SOURCE MATERIAL.

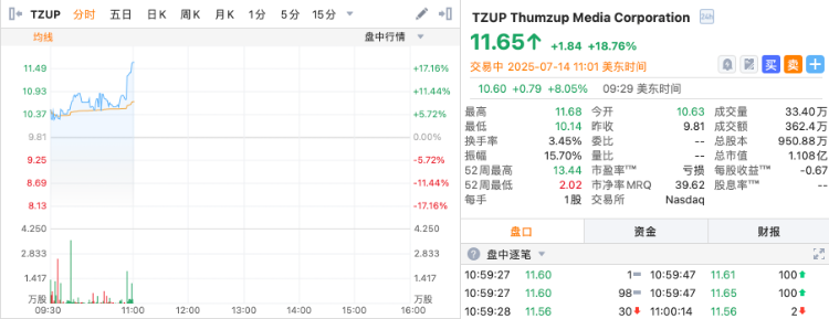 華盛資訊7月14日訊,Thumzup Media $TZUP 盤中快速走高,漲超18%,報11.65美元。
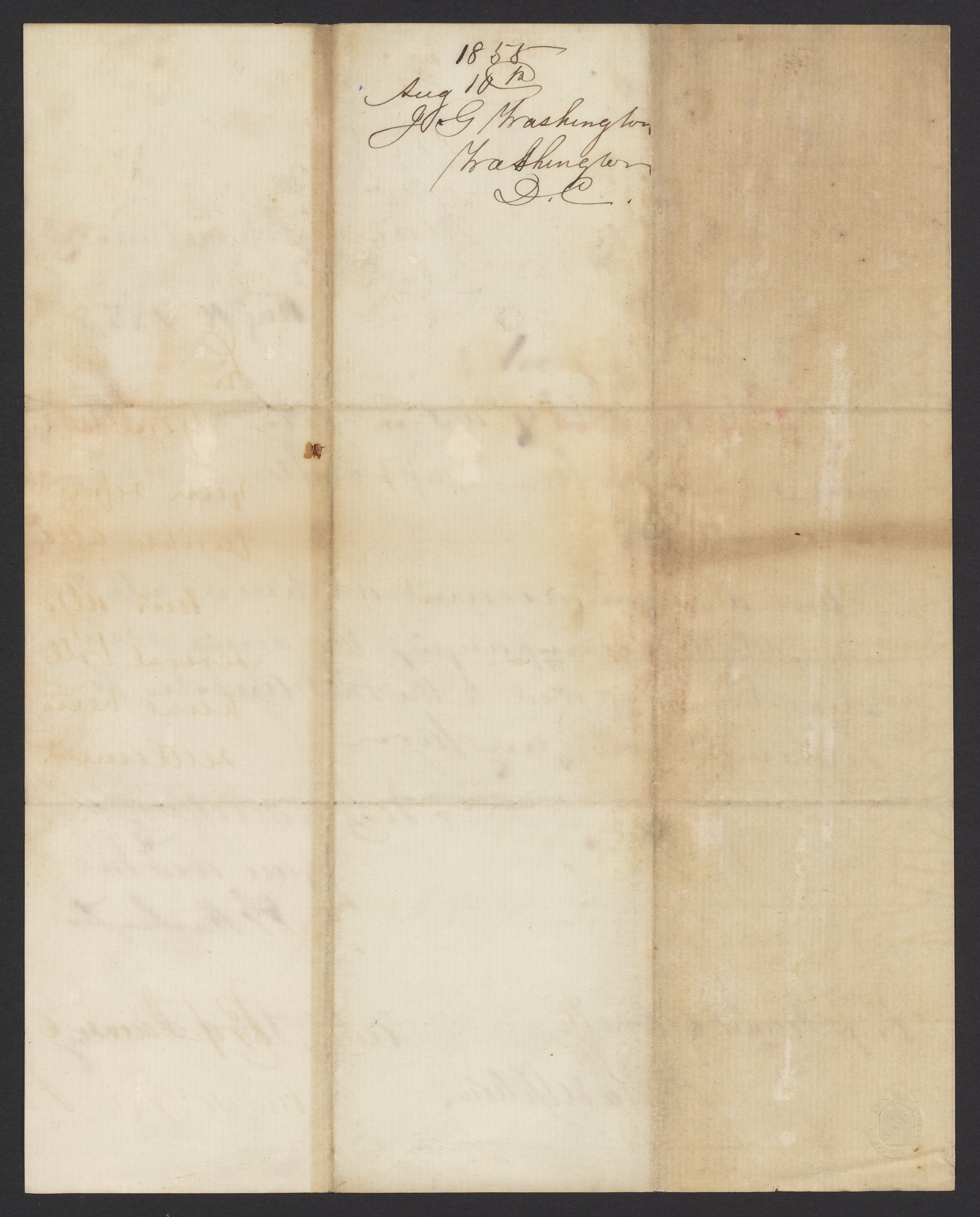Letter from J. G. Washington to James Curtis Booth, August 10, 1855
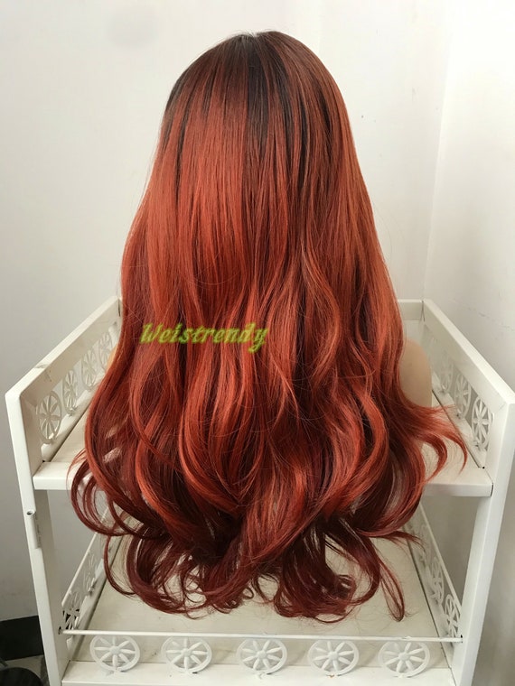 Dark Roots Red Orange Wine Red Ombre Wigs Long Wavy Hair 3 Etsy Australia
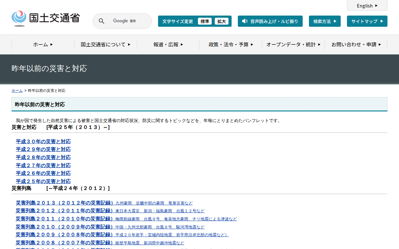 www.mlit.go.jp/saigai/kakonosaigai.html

WHAT THE TASK REQUIRES. Write out the whole listing exactly as it appears, and omit the pictures.

RESPONSE TO THE TASK.
 華盛資訊7月14日訊,Thumzup Media $TZUP 盤中快速走高,漲超18%,報11.65美元。
Letter from J. G. Washington to James Curtis Booth, August 10, 1855
 Dark Roots Red Orange Wine Red Ombre Wigs Long Wavy Hair 3 Etsy Australia
 www.mlit.go.jp/saigai/kakonosaigai.html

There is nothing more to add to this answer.